- _The task_: In the material below, find the line with "En lo que respecta" and the line with "She has previously". Output exactly those two lines and all lines between them, leaving out pictures.

- _Given data_:
::::::::
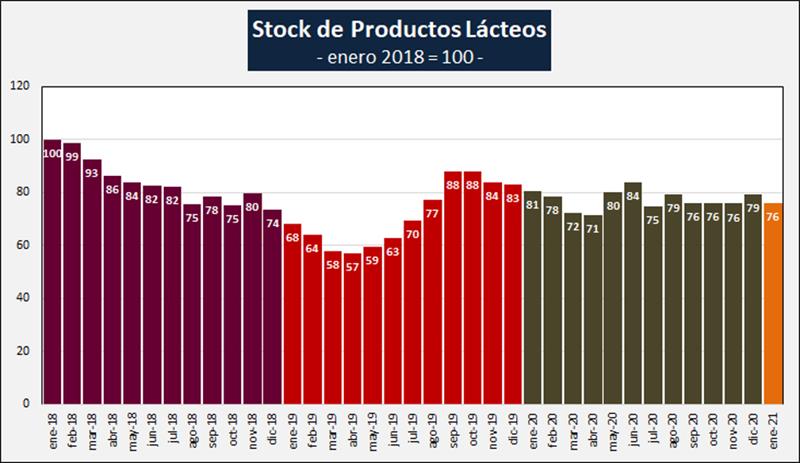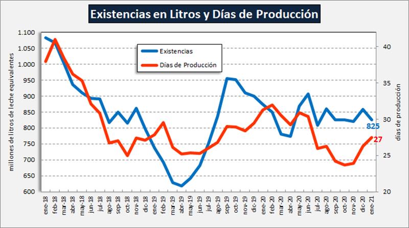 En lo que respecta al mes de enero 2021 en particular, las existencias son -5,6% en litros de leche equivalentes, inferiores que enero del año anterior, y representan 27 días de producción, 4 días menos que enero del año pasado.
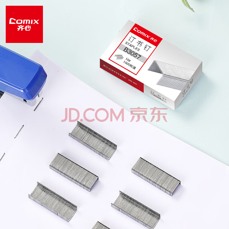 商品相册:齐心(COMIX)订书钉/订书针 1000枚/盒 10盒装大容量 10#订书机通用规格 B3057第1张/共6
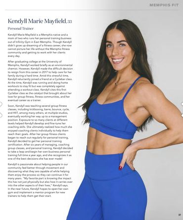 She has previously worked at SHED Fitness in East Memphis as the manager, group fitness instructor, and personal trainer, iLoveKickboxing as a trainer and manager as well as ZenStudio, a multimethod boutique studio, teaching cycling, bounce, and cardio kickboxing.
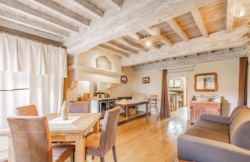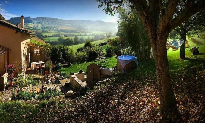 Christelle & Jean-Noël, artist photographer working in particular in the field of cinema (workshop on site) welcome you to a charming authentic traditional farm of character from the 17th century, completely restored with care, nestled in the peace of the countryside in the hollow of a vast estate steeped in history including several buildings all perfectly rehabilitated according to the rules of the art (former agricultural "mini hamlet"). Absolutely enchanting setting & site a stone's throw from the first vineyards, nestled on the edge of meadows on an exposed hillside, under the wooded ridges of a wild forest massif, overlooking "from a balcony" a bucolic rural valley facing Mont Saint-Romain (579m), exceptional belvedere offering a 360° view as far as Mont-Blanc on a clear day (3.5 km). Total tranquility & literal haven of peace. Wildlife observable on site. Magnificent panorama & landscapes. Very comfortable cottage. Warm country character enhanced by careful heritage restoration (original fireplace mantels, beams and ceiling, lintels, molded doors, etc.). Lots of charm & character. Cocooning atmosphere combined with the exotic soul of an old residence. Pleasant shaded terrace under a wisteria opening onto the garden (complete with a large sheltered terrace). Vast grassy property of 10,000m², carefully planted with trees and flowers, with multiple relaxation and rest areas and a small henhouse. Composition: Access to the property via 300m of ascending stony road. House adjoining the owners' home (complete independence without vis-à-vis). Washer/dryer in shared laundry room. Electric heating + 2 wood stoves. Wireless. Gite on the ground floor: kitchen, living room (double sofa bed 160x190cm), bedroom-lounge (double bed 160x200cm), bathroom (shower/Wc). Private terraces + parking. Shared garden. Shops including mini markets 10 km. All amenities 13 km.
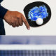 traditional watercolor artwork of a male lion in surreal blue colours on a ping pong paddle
::::::::
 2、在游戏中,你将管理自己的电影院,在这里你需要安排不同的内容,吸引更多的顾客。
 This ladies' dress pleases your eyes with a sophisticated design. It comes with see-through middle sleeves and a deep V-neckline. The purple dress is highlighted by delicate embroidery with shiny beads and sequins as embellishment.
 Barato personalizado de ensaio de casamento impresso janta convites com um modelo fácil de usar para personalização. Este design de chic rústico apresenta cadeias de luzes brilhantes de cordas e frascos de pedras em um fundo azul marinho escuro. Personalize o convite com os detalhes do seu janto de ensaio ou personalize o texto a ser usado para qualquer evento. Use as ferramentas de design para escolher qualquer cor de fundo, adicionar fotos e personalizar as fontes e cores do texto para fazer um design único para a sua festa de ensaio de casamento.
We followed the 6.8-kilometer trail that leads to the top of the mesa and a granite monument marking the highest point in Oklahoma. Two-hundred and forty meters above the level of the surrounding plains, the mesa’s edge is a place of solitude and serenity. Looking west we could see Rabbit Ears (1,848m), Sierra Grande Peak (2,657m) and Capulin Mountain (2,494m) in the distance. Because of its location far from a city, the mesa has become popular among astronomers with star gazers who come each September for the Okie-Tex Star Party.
::::::::
- _Answer section_:
 En lo que respecta al mes de enero 2021 en particular, las existencias son -5,6% en litros de leche equivalentes, inferiores que enero del año anterior, y representan 27 días de producción, 4 días menos que enero del año pasado.
 商品相册:齐心(COMIX)订书钉/订书针 1000枚/盒 10盒装大容量 10#订书机通用规格 B3057第1张/共6
 She has previously worked at SHED Fitness in East Memphis as the manager, group fitness instructor, and personal trainer, iLoveKickboxing as a trainer and manager as well as ZenStudio, a multimethod boutique studio, teaching cycling, bounce, and cardio kickboxing.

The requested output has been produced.